1. Urine – The kidney is the most important organ for the excretion of drugs through urine, also known as renal excretion.

• Renal excretion =

= {Glomerular filtration + tubular secretion} – tubular reabsorption.

• In the case of renal disorders, the kidney is unable to excrete drugs.
• After the glomerular filtration, the ionising drugs are not reabsorbed – Excrete.
• If unionizing drugs are 99% reabsorb and sent to the systemic circulation.

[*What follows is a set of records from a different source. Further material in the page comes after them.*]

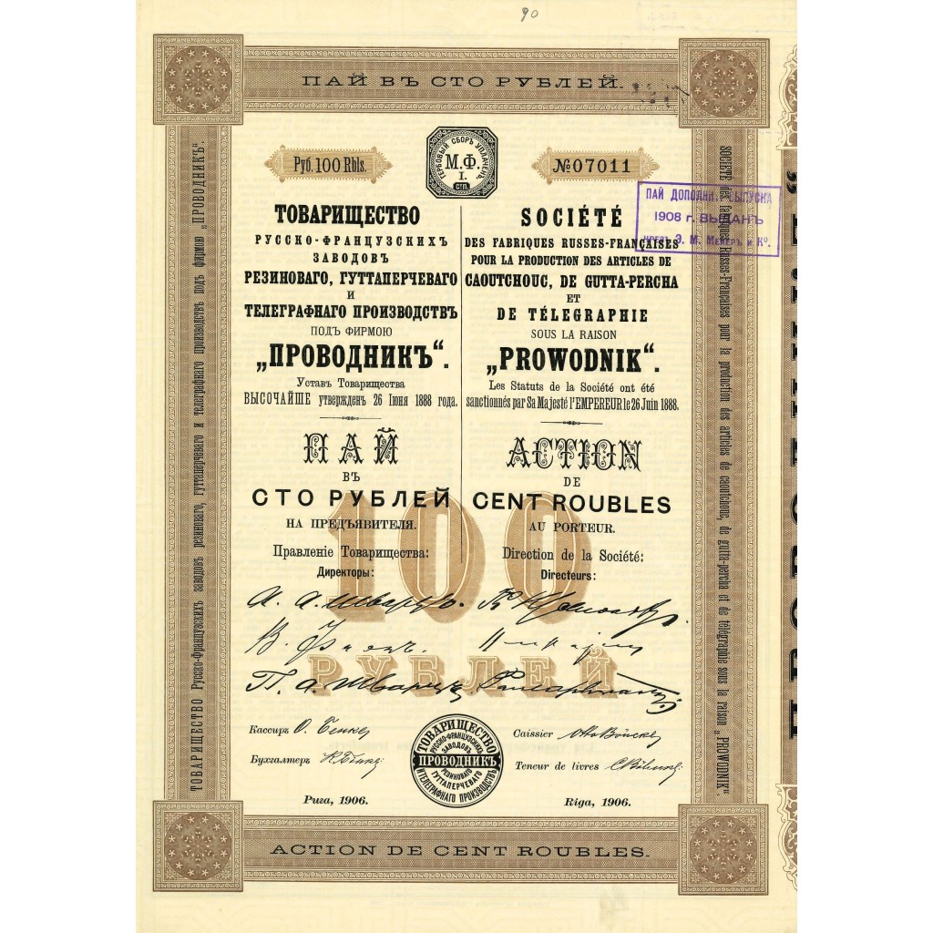 La "Société des Fabriques Russes-Françaises pour la Production des Articles de Caoutchouc, de Gutta-Percha et de Télégraphie sous la Raison Prowodnik" è stata una delle principali società industriali attive nella produzione di articoli in gomma, guttaperca e materiale per telegrafia nell'Impero Russo. Fondata nel 1888, la società ha giocato un ruolo cruciale nell'industrializzazione del settore della gomma e delle telecomunicazioni, contribuendo significativamente allo sviluppo economico dell'epoca.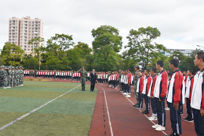 8月28日上午,学校2019年秋季学期新生军训会操表演在运动场隆重举行。学校中层及以上管理人员、校企合作负责人、各班级班主任及全校3300余名新生参加此次大会。大会由学校党委委员、副校长刘德华同志主持。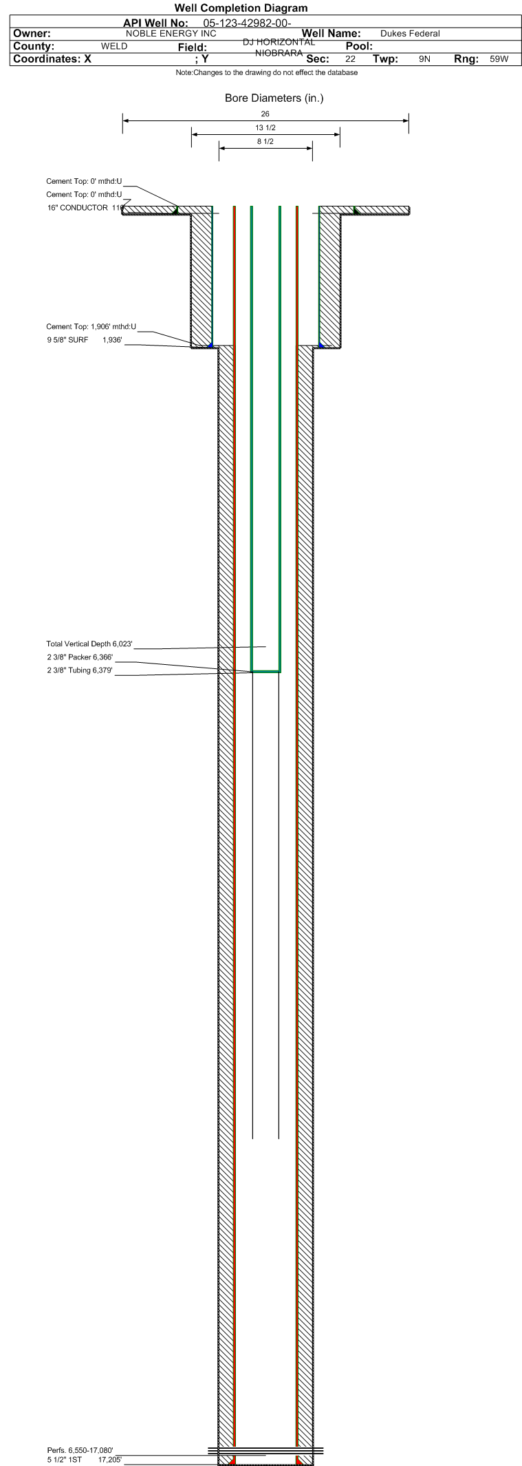 | Wellbore Completed | | Completion Date: | 2/23/2017 | | Spud Date: | 2/18/2017 | Spud Date Is: | ACTUAL | | Measured TD: | 17216 ft. | Measured PB depth: | 17163 ft. | | True Vertical TD: | 6023 ft. | True Vertical PB depth: | 6023 ft. | | Top PZ Location: | Sec:15 Twp: 9N 59W | Footage: 400 FNL 2475 FEL | | Bottom Hole Location: | Sec:10 Twp: 9N 59W | Footage: 337 FNL 1415 FEL | | Log Types: | CBL, MWD/LWD, Resistivity | | Casing: | String Type: CONDUCTOR, Hole Size: 26 in., Size: 16 in., Top: 0 ft., Depth: 110 ft., Weight: 42.09 , Citings Type: ACTUAL | | Cement: | Sacks: 64, Top: 0 ft., Bottom: 100 ft., Determination Method: VISU | | Casing: | String Type: SURF, Hole Size: 13.5 in., Size: 9.625 in., Top: 0 ft., Depth: 1936 ft., Weight: 36 , Citings Type: ACTUAL | | Cement: | Sacks: 671, Top: 0 ft., Bottom: 1936 ft., Determination Method: VISU | | Casing: | String Type: 1ST, Hole Size: 8.5 in., Size: 5.5 in., Top: 0 ft., Depth: 17205 ft., Weight: 20 , Citings Type: ACTUAL | | Cement: | Sacks: 1895, Top: 1906 ft., Bottom: 17216 ft., Determination Method: CBL | | Formation | Interval Top | Log Bottom | Cored | DSTs | | PARKMAN | 3443 ft. | | | | | SUSSEX | 4152 ft. | | | | | TEEPEE BUTTES | 5388 ft. | | | | | SHANNON | 6162 ft. | | | | | NIOBRARA | 6178 ft. | | | |
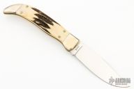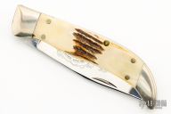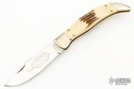 This Ka-Bar slipjoint is dated 1986. It has nickel silver bolsters, stag scales, brass liners, and stainless steel spring. Comes with a zippered case. Has a few light scratches, otherwise excellent condition.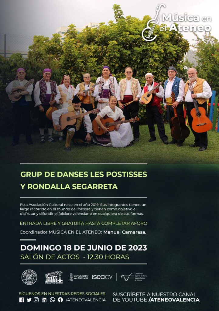 El Grup de Danses Les Postisses junto con su Rondalla Segarreta nació como Asociación Cultural en diciembre de 2019. Gran parte de sus componentes tienen un largo recorrido en el mundo del folclore y llegan al grupo de aquí y de allá. Lo forman alrededor de 40 personas todas con la misma finalidad: disfrutar y difundir el folclore valenciano en cualquiera de sus formas, ya sea con sus bailes, con su indumentaria o con la música, utilizando instrumentos como la guitarra, el laud, la bandurria y algunos no tan conocidos como ahora el requinto o la caña.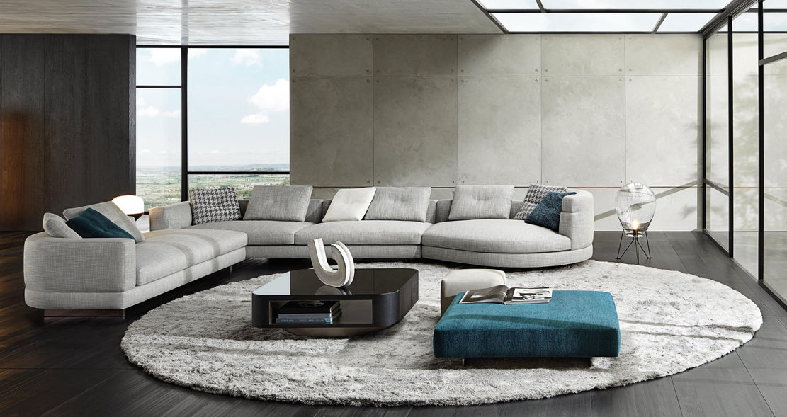 The sofa embodies a luxurious, contemporary look, perfect for a high-end modern interior. The combination of soft textures, neutral colors, and bold geometric elements makes it a statement piece while maintaining a cozy and inviting atmosphere.

2. Faces – Drugs are not absorbed in the GI tract that is excreted with faces.

eg:- sulphaguanidine drug.

• High molecular weight substance above 300, that is not easily excreted through urine, excrete via faces through the biliary excretion.

3. Bile – Uncharged drug and their metabolic products are excreted with bile.
4. Exhaled air – Some volatile gases are liquids that are excreted through the exhaled air.

eg:- nitrous oxides.

5. Milk – Generally lipid-soluble drugs are entered in breast milk.

• Excretion of drugs through breast milk in small amounts.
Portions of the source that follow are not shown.